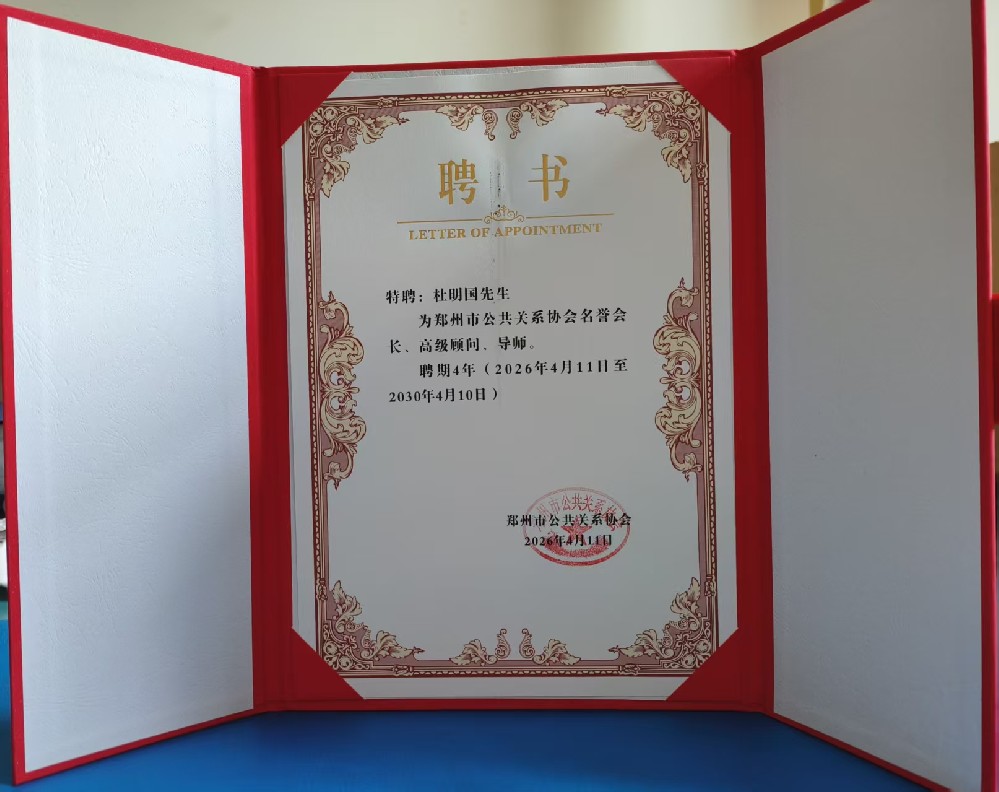 迈入新时代,杜明国教授紧跟时代步伐,主动拥抱数字变革,积极探索数字公关、智慧公关、品牌公关创新路径,持续为政府决策、企业发展、社会治理提供高水平专业咨询。此次受聘郑州市公共关系协会,既是行业对其数十年深耕不辍、潜心治学的高度肯定,也标志着郑州公关事业在专家引领、资源整合、能力提升上迈出新步伐。
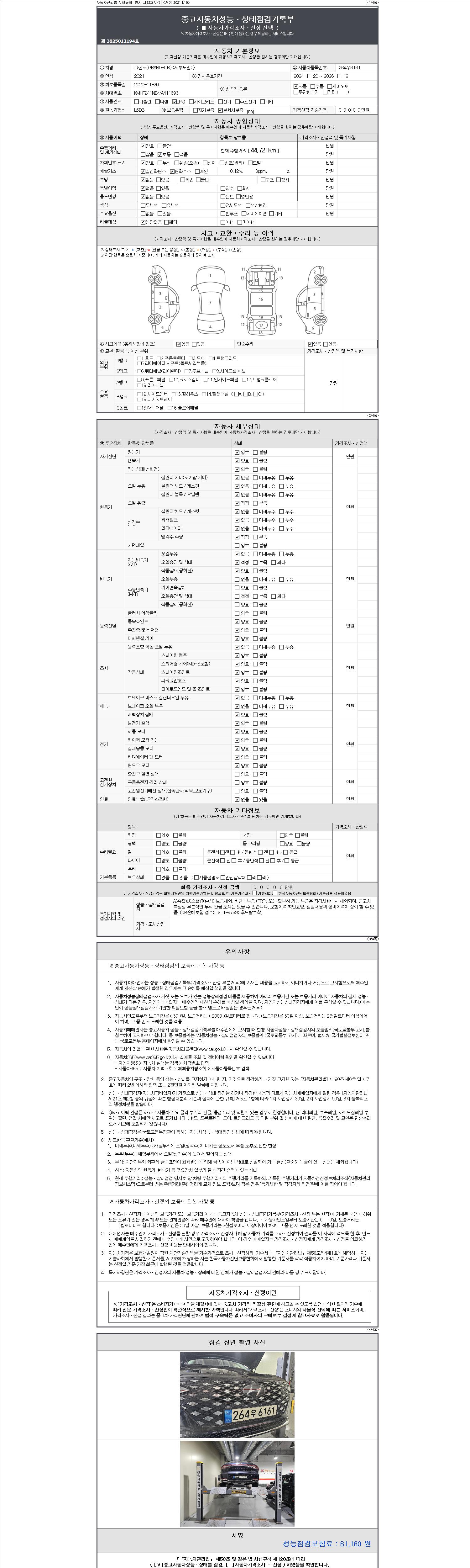 | 주행거리 | 44,721 km | 차량번호 | 264우6161 |
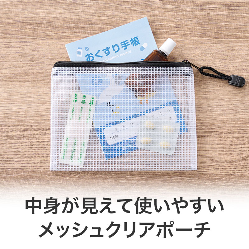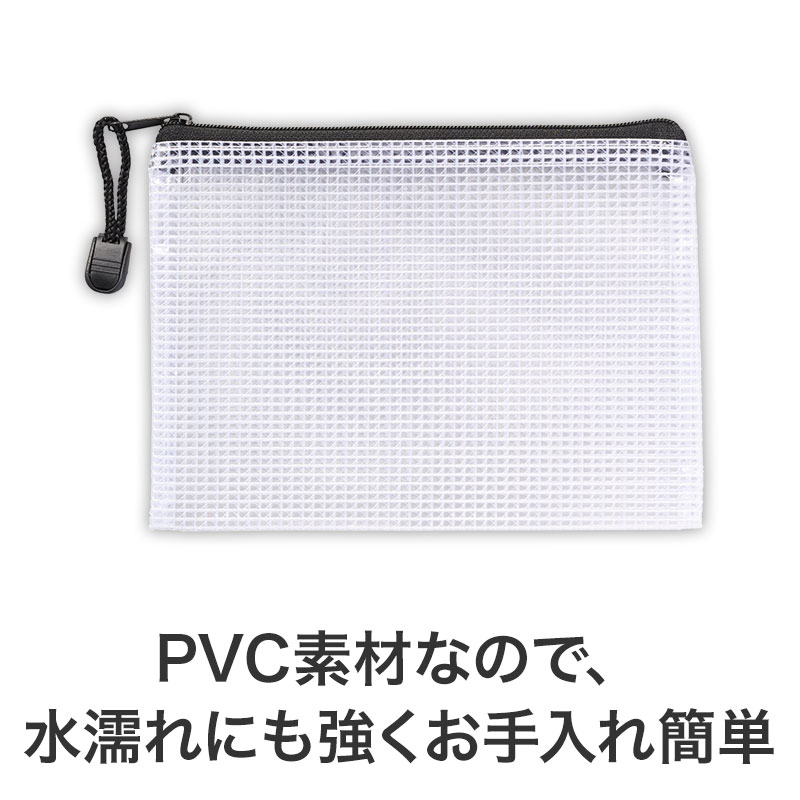 両面メッシュタイプのクリアポーチ。お知らせなどをいれてノベルティとして、備品として、資材と・・・使い方いろいろ
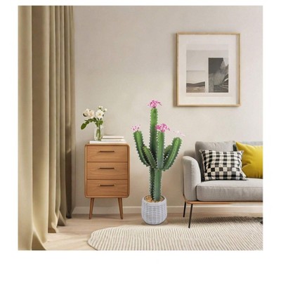 Artificial Cactus Plant, Tall UV Resistant Faux Cactus Plant, Realistic Texture Tall Fake Plant, Faux Desert Cacti Potted Plant with Planter
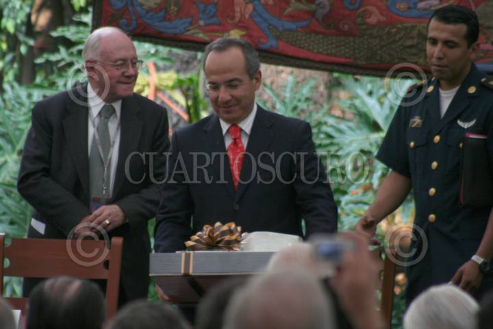 MÉXICO, D.F. MARZO2007.- El presidente Felipe Calderón visitó el Instituto Panamaericano de Alta Dirección de Empresa en su 40 aniversario. En la imagen con Carlos Garciarce Ramírez presidente de la junta de gobierno de dicha institución y Carlos Llano Cifuentes fundador del IPADE. FOTO: PAOLA HIDALGO/CUARTOSCURO.COM
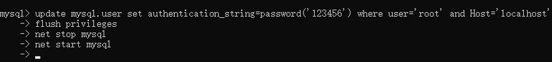 update mysql.user set authentication_string=password('') where user='root' and Host='localhost'
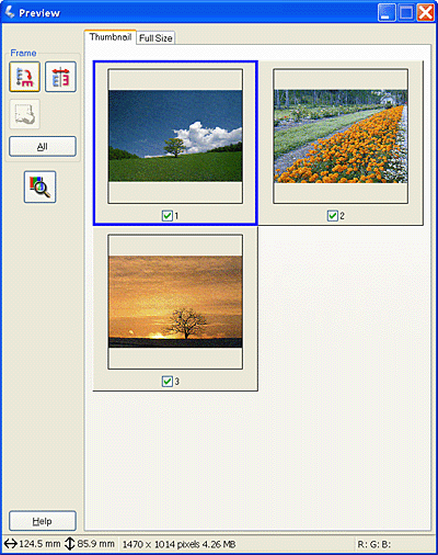 In the Thumbnail Preview window: EPSON Scan automatically locates the multiple photos, and then preview them as thumbnail images. Select the number check box of an image you want to scan.
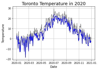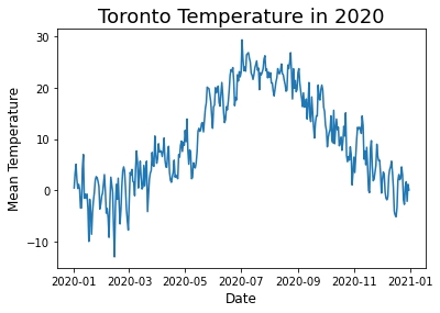 plt.title('Toronto Temperature in 2020', fontsize=18)
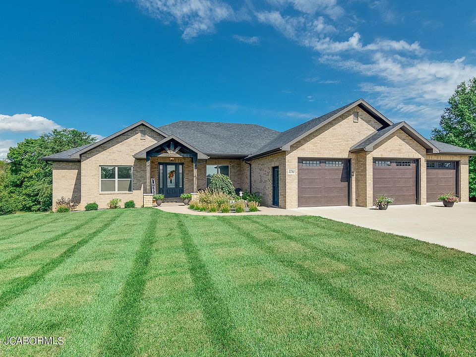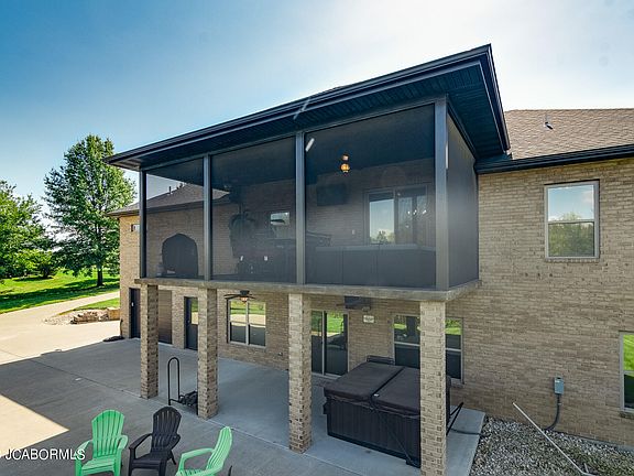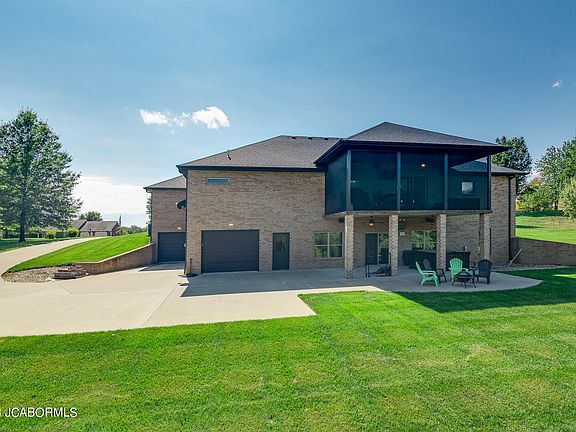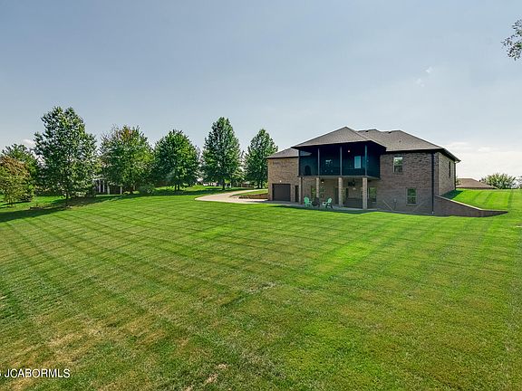 Located in a sought-after neighborhood in Blair Oaks school district, this 4 sides brick has it all from the excellent curb appeal to the luxurious amenities inside! Open the door to a spacious open layout and quality finishes. Designer ceilings frame the inviting living room creating an ideal space to greet your guests. Gorgeous granite countertops spread across the rich cabinetry & island of the entertainer's kitchen featuring a wonderful walk-in pantry that keeps your workspace clutter free. Indulge in your morning coffee on your deck with floor to ceiling screens as the morning sun warms the outdoor living space. The split-bedroom floor plan gives privacy to the master suite with coffered ceilings, double vanity, and a wonderful, oversized walk-in shower. Along with 4 bedrooms on the main level & a 5th downstairs, there's an additional office space for the at home executive. The sprawling family room downstairs awaits game night with friends with tons of space and a wet bar adding to the appeal. The expertly landscaped lawns invite you to gather around the fire pit or enjoy the views from the deck. With 3 garages on the main level plus 2 oversized garages downstairs, there is plenty of room for your oversized truck, boat and more. This meticulously maintained home is one you won't want to miss.
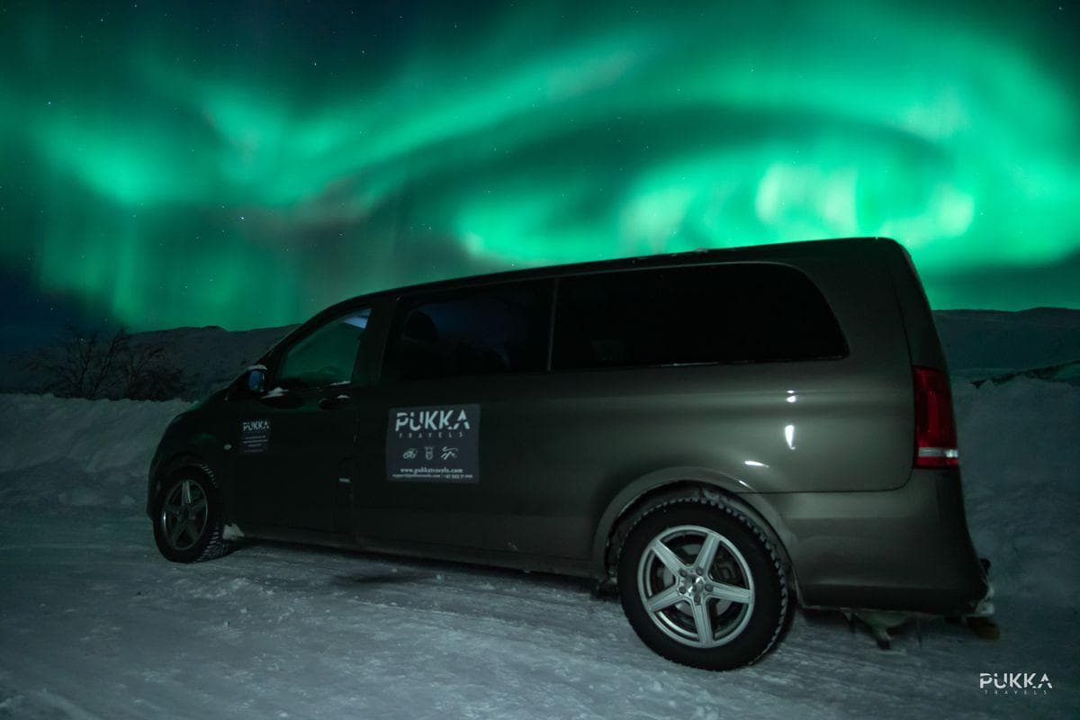 Tromso is one of the top places in the world to witness the Northern Lights. We make this experience optimal for you during our comfortable Northern Lights minibus chase, departing from our base camp in central Tromso. You will be with one of our dedicated guides, who has the passion to help show you the Northern Lights dance in the sky above, we are here to ensure that this a memorable night to remember for a lifetime. In small groups with a maximum of 15 people, we will set out into the polar night to one of our favorite spots to watch the Northern Lights (away from light pollution and with clearest skies possible). If it is cloudy above Tromso, don’t worry, it is possible to find clear skies at a location further away. Our team will carefully analyze the weather conditions before the trip while keeping in touch with other guides to monitor cloud movements in the local and surrounding areas. Once we find the best spot, it will be time to wait for the lights to shine while setting up our cameras and taking photos. Your guide will take professional photographs, which will be shared within 3 days of your tour. Your guide will also help you set up your own camera and if you need a tripod, we can let you borrow one of ours for free. Our aim is to create a stress-free, enjoyable and safe way to be able to see the Northern Lights during your stay in the Arctic. Your guide will stay with you for the entire evening while making sure you are as comfortable and warm as possible. We provide thermal suits and warm, dry boots for the entire duration of the tour. Later in the evening we will make a bonfire, have a warm meal, roast marshmallows and enjoy hot drinks by the fire. If you are a vegetarian or have any other dietary preferences, please let us know and we will make sure there is something for you as well! Before and after the tour: Before the tour takes off we will meet up at our Base camp in central Tromso for a briefing and introduction to the area we will explore and the Northern Lights forecast for the evening. The minibus picks you up outside the building so there is no need to walk far or get cold on the way. After the trip, you have a short walk back to your hotel (our recommended hotels are only located a few hundred meters from our base camp in central Tromso).
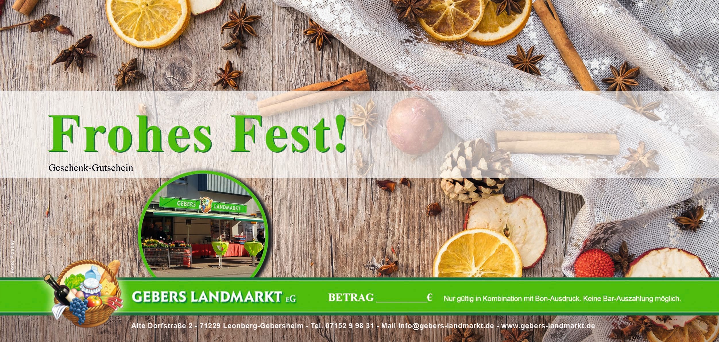 wir möchten das Jahr 2023 mit einer nochmaligen Spenden-Aktion für die Ukraine beenden. Sie können im Gebers Landmarkt bis zum 5. Januar 2024 Lebensmittelpakete im Wert von 20 Euro, 35 Euro oder 50 Euro in Form von Gutscheinen erwerben, die wir sammeln und für den Kauf der Waren einlösen. Diese gehen dann von Gebersheim direkt an „Menschen in Not“ in der Ukraine.

** DIRECTIONS FOR THIS TASK **
Set down the data exactly as it appears, without any images.

** RESPONSE **
 迈入新时代,杜明国教授紧跟时代步伐,主动拥抱数字变革,积极探索数字公关、智慧公关、品牌公关创新路径,持续为政府决策、企业发展、社会治理提供高水平专业咨询。此次受聘郑州市公共关系协会,既是行业对其数十年深耕不辍、潜心治学的高度肯定,也标志着郑州公关事业在专家引领、资源整合、能力提升上迈出新步伐。
 | 주행거리 | 44,721 km | 차량번호 | 264우6161 |
 両面メッシュタイプのクリアポーチ。お知らせなどをいれてノベルティとして、備品として、資材と・・・使い方いろいろ
 Artificial Cactus Plant, Tall UV Resistant Faux Cactus Plant, Realistic Texture Tall Fake Plant, Faux Desert Cacti Potted Plant with Planter
 MÉXICO, D.F. MARZO2007.- El presidente Felipe Calderón visitó el Instituto Panamaericano de Alta Dirección de Empresa en su 40 aniversario. En la imagen con Carlos Garciarce Ramírez presidente de la junta de gobierno de dicha institución y Carlos Llano Cifuentes fundador del IPADE. FOTO: PAOLA HIDALGO/CUARTOSCURO.COM
 update mysql.user set authentication_string=password('') where user='root' and Host='localhost'
 In the Thumbnail Preview window: EPSON Scan automatically locates the multiple photos, and then preview them as thumbnail images. Select the number check box of an image you want to scan.
 plt.title('Toronto Temperature in 2020', fontsize=18)
 Located in a sought-after neighborhood in Blair Oaks school district, this 4 sides brick has it all from the excellent curb appeal to the luxurious amenities inside! Open the door to a spacious open layout and quality finishes. Designer ceilings frame the inviting living room creating an ideal space to greet your guests. Gorgeous granite countertops spread across the rich cabinetry & island of the entertainer's kitchen featuring a wonderful walk-in pantry that keeps your workspace clutter free. Indulge in your morning coffee on your deck with floor to ceiling screens as the morning sun warms the outdoor living space. The split-bedroom floor plan gives privacy to the master suite with coffered ceilings, double vanity, and a wonderful, oversized walk-in shower. Along with 4 bedrooms on the main level & a 5th downstairs, there's an additional office space for the at home executive. The sprawling family room downstairs awaits game night with friends with tons of space and a wet bar adding to the appeal. The expertly landscaped lawns invite you to gather around the fire pit or enjoy the views from the deck. With 3 garages on the main level plus 2 oversized garages downstairs, there is plenty of room for your oversized truck, boat and more. This meticulously maintained home is one you won't want to miss.
 Tromso is one of the top places in the world to witness the Northern Lights. We make this experience optimal for you during our comfortable Northern Lights minibus chase, departing from our base camp in central Tromso. You will be with one of our dedicated guides, who has the passion to help show you the Northern Lights dance in the sky above, we are here to ensure that this a memorable night to remember for a lifetime. In small groups with a maximum of 15 people, we will set out into the polar night to one of our favorite spots to watch the Northern Lights (away from light pollution and with clearest skies possible). If it is cloudy above Tromso, don’t worry, it is possible to find clear skies at a location further away. Our team will carefully analyze the weather conditions before the trip while keeping in touch with other guides to monitor cloud movements in the local and surrounding areas. Once we find the best spot, it will be time to wait for the lights to shine while setting up our cameras and taking photos. Your guide will take professional photographs, which will be shared within 3 days of your tour. Your guide will also help you set up your own camera and if you need a tripod, we can let you borrow one of ours for free. Our aim is to create a stress-free, enjoyable and safe way to be able to see the Northern Lights during your stay in the Arctic. Your guide will stay with you for the entire evening while making sure you are as comfortable and warm as possible. We provide thermal suits and warm, dry boots for the entire duration of the tour. Later in the evening we will make a bonfire, have a warm meal, roast marshmallows and enjoy hot drinks by the fire. If you are a vegetarian or have any other dietary preferences, please let us know and we will make sure there is something for you as well! Before and after the tour: Before the tour takes off we will meet up at our Base camp in central Tromso for a briefing and introduction to the area we will explore and the Northern Lights forecast for the evening. The minibus picks you up outside the building so there is no need to walk far or get cold on the way. After the trip, you have a short walk back to your hotel (our recommended hotels are only located a few hundred meters from our base camp in central Tromso).
 wir möchten das Jahr 2023 mit einer nochmaligen Spenden-Aktion für die Ukraine beenden. Sie können im Gebers Landmarkt bis zum 5. Januar 2024 Lebensmittelpakete im Wert von 20 Euro, 35 Euro oder 50 Euro in Form von Gutscheinen erwerben, die wir sammeln und für den Kauf der Waren einlösen. Diese gehen dann von Gebersheim direkt an „Menschen in Not“ in der Ukraine.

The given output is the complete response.